That is, as the surface irregularity is reduced to approach to
non-reflection, the light scattering on the surface is increased to
prevent the linear light source to be shown through.
[0045] Though a surface irregularity of a resin plate is usually
quantified as a surface roughness, a surface irregularity of the
resin plate, i.e., smoothness, is represented by a degree of
brilliancy in this invention. The degree of brilliancy is defined
in JIS K6900 as a degree of approaching to the absolute optical
smoothness of a surface in terms of a capability of reflecting
light. It is defined that the surface is smooth when the degree of
brilliancy is high, whereas the surface irregularity is reduced to
approach to non-reflection with a reduction in degree of
brilliancy.
[0046] It has been considered that the degree of brilliancy of the
surface of the light diffusion plate should be as low as possible
in view of the prevention of lamp image of the linear light source.

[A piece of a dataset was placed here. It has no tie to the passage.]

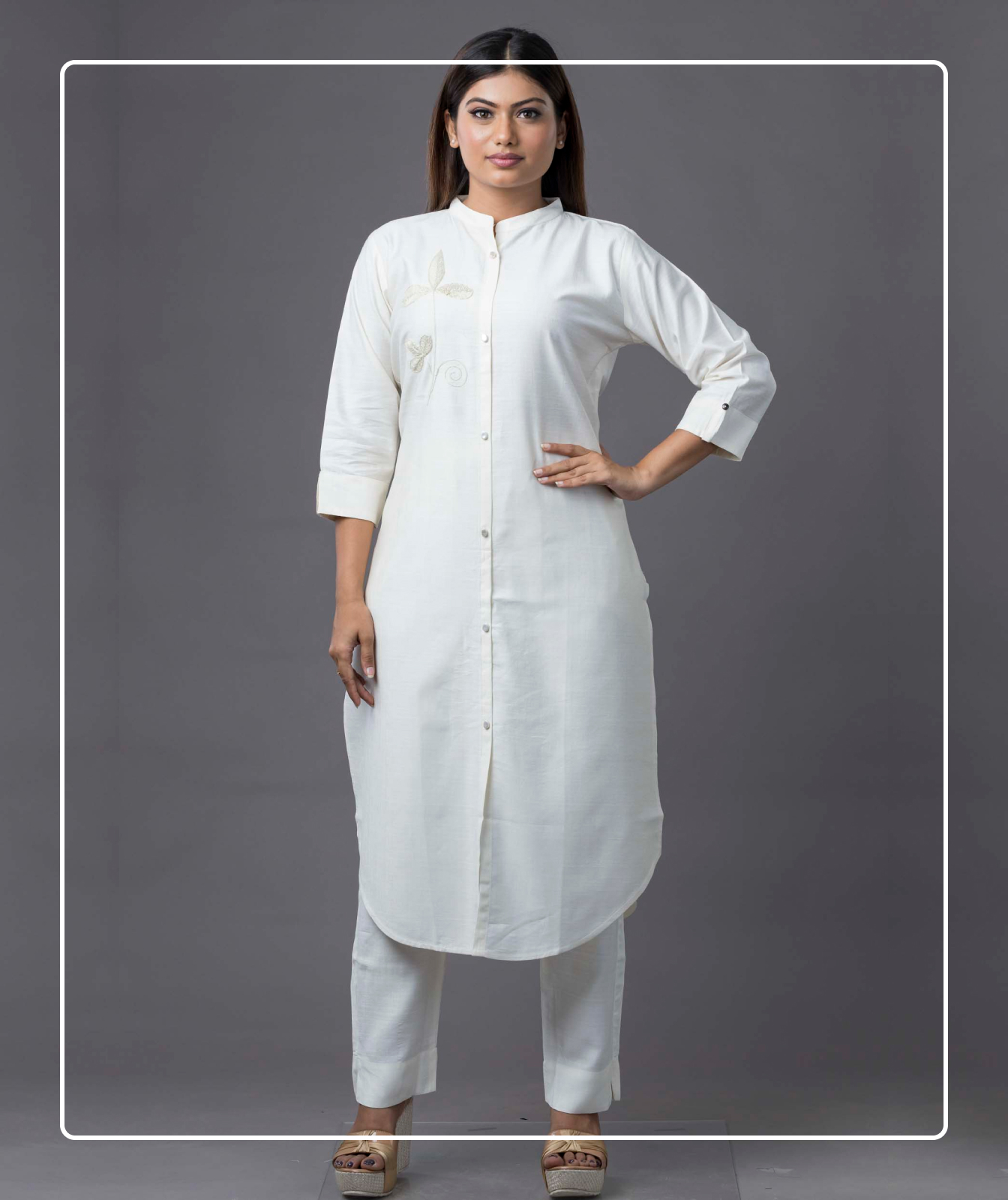 Embrace timeless elegance with this Off-White Silk Long Co-ord Set, beautifully adorned with intricate embroidery. Crafted from premium silk, this ensemble features a long, flowy silhouette that exudes sophistication and grace. The delicate embroidery adds a touch of artisanal charm, making it perfect for festive occasions, formal gatherings, or elegant everyday wear. Designed for comfort and style, this co-ord set includes a tailored top and matching bottoms, offering effortless luxury with a contemporary appeal.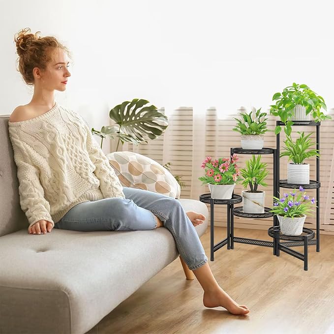 - Unique Modern Style Holder: The 6 tier plant stand is designed with a unique spiral tiered structure that can hold up to 6 pots without blocking each other, so that each of your plants can fully enjoy the sunlight. Modern and classic in style, this outdoor plant stand is perfect for decorating balcony, porch, garden, patio, window and office.

More specifically, the linear light source is undesirably shown
through when the degree of brilliancy exceeds 70%, and degree of
brilliancy of conventional and popular light diffusion plates is
less than 10%. Recently, light diffusion plates with a very fine
surface which is almost a non-reflecting surface having degree of
brilliancy of 1% or 0% are available.
[0047] However, the present inventors have found that brightness is
increased with an increase in the degree of brilliancy of the light
diffusion plate surface contrary to the orientation of conventional
development.
[0048] In this invention, degree of brilliancy of at least one
surface of the light diffusion plate is from 20 to 70%, more
preferably from 30 to 70%, still more preferably from 30 to 60%.
The brightness is as low as that of the conventional light
diffusion plates when the degree of brilliancy is less than 20%.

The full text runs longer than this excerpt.